A young child finds greater and more lasting amusement in the rough, coarse cuts to be found in a backstreet picture book, than in the daintiest illustrations of Caldecott or Kate Greenaway; and the reason, no doubt is, that art having realized less, there is more scope for imagination--more field for the young idea to play in. So too in heathendom, the worship of Isis continued a living cult long after that of the Latin gods had become merely a state ceremonial. The blank impersonal carving of the Egyptian idol left unlimited possibilities to the devout imagination, which each worshipper could work out according to his own needs, while the fully realized conceptions of Grecian art showed more to the worshipper than perhaps he could take in, and the bodily perfection displayed recalled rather the victor in some circus contest than suggested the mysteries of the unseen.

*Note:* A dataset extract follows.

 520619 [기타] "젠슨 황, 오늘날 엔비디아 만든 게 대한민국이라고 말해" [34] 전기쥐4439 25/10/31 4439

But while we have been talking of her daughter, Mrs. Sangster and her guests have gone to tea. Tea was a meal forty years ago. The company sat round the table, which was set out with plates of bread and butter, various kinds of cake, and sundry varieties of preserves, the work of Sophia all, and works whose excellence warranted the pride she took in them; for before all else Sophia was a notable housekeeper.

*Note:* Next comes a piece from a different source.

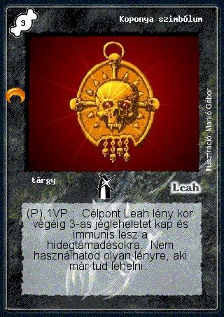 Kiadás: Chara-din visszatér Gyakoriság: ritka Lapszín (isten): Leah Típus: tárgy Szöveg: (P),1VP: Célpont Leah lény kör végéig 3-as jégleheletet kap és immunis lesz a hidegtámadásokra. Nem használhatod olyan lényre, aki már tud lehelni. Illusztráció: Markó Gábor

After tea there was music, but it being Saturday night, Sophia refrained from performing her last-learned polka, seeing it was an elder's house and two ministers were present; not that she feared to seduce these grave gentlemen into the levity of a dance, but that it was not consonant with the Sabbath exercises of the coming morrow. Mary therefore was called on to sing for them 'Angels ever bright and fair,' and such other morsels of Handel as she could recall without her music. After that, Mr. Sangster called for his favourite Psalm tunes, in which he and Mr. Dowlas joined with immense relish, and no small volume of sound. Mary's voice was completely overborne in the din, and Mr. Wallowby added a new experience in sacred song to his not very complimentary catalogue of the transgressions and shortcomings of the Scotch as measured by the standard of Manchester.

CHAPTER VII.

[JOSEPH].

If night follows brighter day in more sunny climes, the colder skies of Scotland enjoy at least the compensation of a lengthened gloaming. The crimson glory of sunset ebbs more slowly away, and a paler daylight lingers on and on, fading by imperceptible degrees, as the blue transparent vapours of the still and warm earth rise to meet the golden blue of heaven; it is hours before the two unite to wrap the world in the purple gloom of night.